Shen Qian, Qu Jingjing, Chen Zhen, Zhou Jianying
Department of Respiratory Disease, Thoracic Disease Centre, The First Affiliated Hospital, College of Medicine, Zhejiang University, Hangzhou, China.
Laboratory Medicine and Pathology, The First Affiliated Hospital, College of Medicine, Zhejiang University, Hangzhou, China.
Front Oncol. 2021 Dec 2;11:760097. doi: 10.3389/fonc.2021.760097. eCollection 2021.
Advanced non-small cell lung cancer (NSCLC) harboring epidermal growth factor receptor (EGFR) mutations has been successfully treated with tyrosine kinase inhibitors (TKIs). However, resistance to osimertinib, a third-generation TKI, can be difficult to overcome in this small subset of patients and is attributed to secondary resistant mutations. Here, we report a case of acquired EGFR L858R/L718Q mutation with advanced NSCLC that resistant to osimertinib, which was successfully overcome using dacomitinib.
A 64-year-old non-smoker woman was diagnosed with stage IV non-small cell lung adenocarcinoma with EGFR L858R mutation and brain metastasis in November 2018. Treatment with gefitinib and gamma knife radiosurgery was started as the first-line treatment. After 7 months, she experienced disease progression with increased primary lung lesions and switched to osimertinib based on an acquired EGFR T790M mutation. After another 4 months, the disease progressed, and she was switched to chemotherapy. During chemotherapy, brain MRI showed an increasing number of parietal lobe metastases. Hence, gamma knife radiosurgery was performed again. After 12 months, the disease progression resumed, and an EGFR L718Q mutation was found on biopsy. The patient was then challenged with dacomitinib, and the disease was partially responsive and under control for 6 months.

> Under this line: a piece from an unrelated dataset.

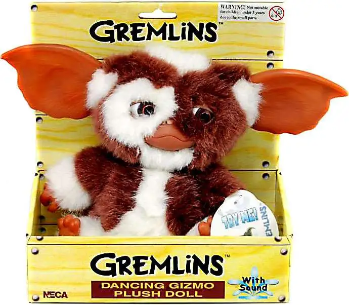 From the classic 1980s movie Gremlins, this adorable Gizmo plush can’t wait to entertain you! Just turn him on and watch him sing and dance. Gizmo features lifelike fur with plastic molded ears, hands and feet.
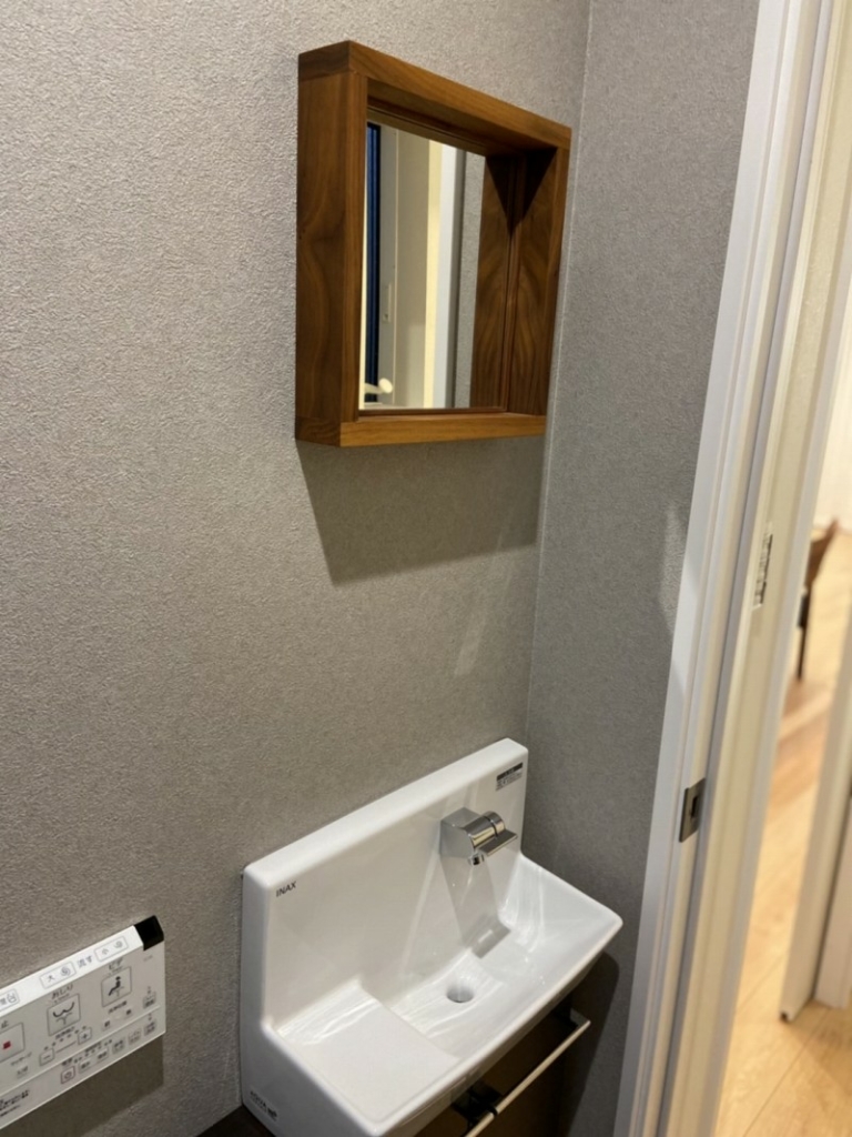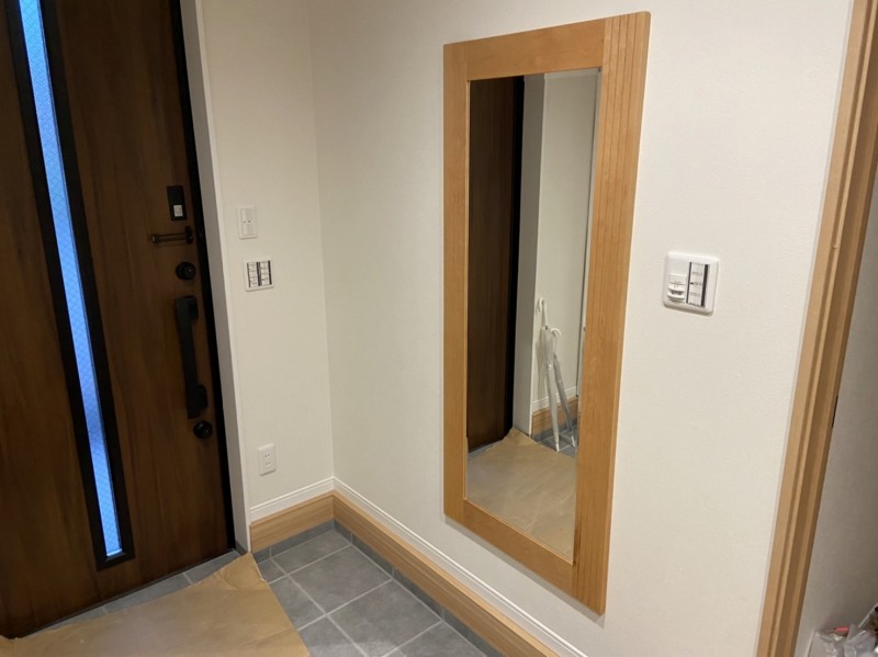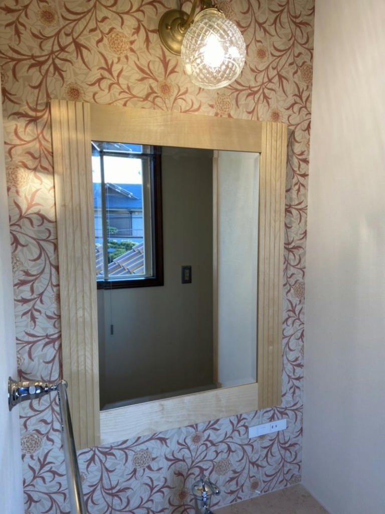 玄関用とトイレ用のオリジナルミラーを壁面に取り付けさせて頂きました

Currently, there are no established guidelines for overcoming osimertinib resistance caused by the L718Q mutation. The acquired EGFR L718Q mutation in subsequent resistance to osimertinib could be overcome using dacomitinib, indicating a promising treatment option in the clinic.
携带表皮生长因子受体(EGFR)突变的晚期非小细胞肺癌(NSCLC)已成功用酪氨酸激酶抑制剂(TKIs)治疗。然而,在这一小部分患者中,第三代TKI奥希替尼的耐药性可能难以克服,这归因于继发性耐药突变。在此,我们报告一例晚期NSCLC获得性EGFR L858R/L718Q突变且对奥希替尼耐药的病例,该病例使用达可替尼成功克服了耐药性。
一名64岁不吸烟女性于2018年11月被诊断为IV期非小细胞肺腺癌,伴有EGFR L858R突变和脑转移。开始使用吉非替尼和伽玛刀放射外科作为一线治疗。7个月后,她出现疾病进展,原发性肺部病变增多,并基于获得性EGFR T790M突变改用奥希替尼。又过了4个月,疾病进展,她改用化疗。化疗期间,脑部MRI显示顶叶转移灶数量增加。因此,再次进行了伽玛刀放射外科治疗。12个月后,疾病再次进展,活检发现EGFR L718Q突变。然后该患者接受达可替尼治疗,疾病部分缓解并得到控制6个月。
目前,对于克服由L718Q突变引起的奥希替尼耐药性尚无既定指南。后续对奥希替尼耐药中获得的EGFR L718Q突变可使用达可替尼克服,这表明在临床上是一种有前景的治疗选择。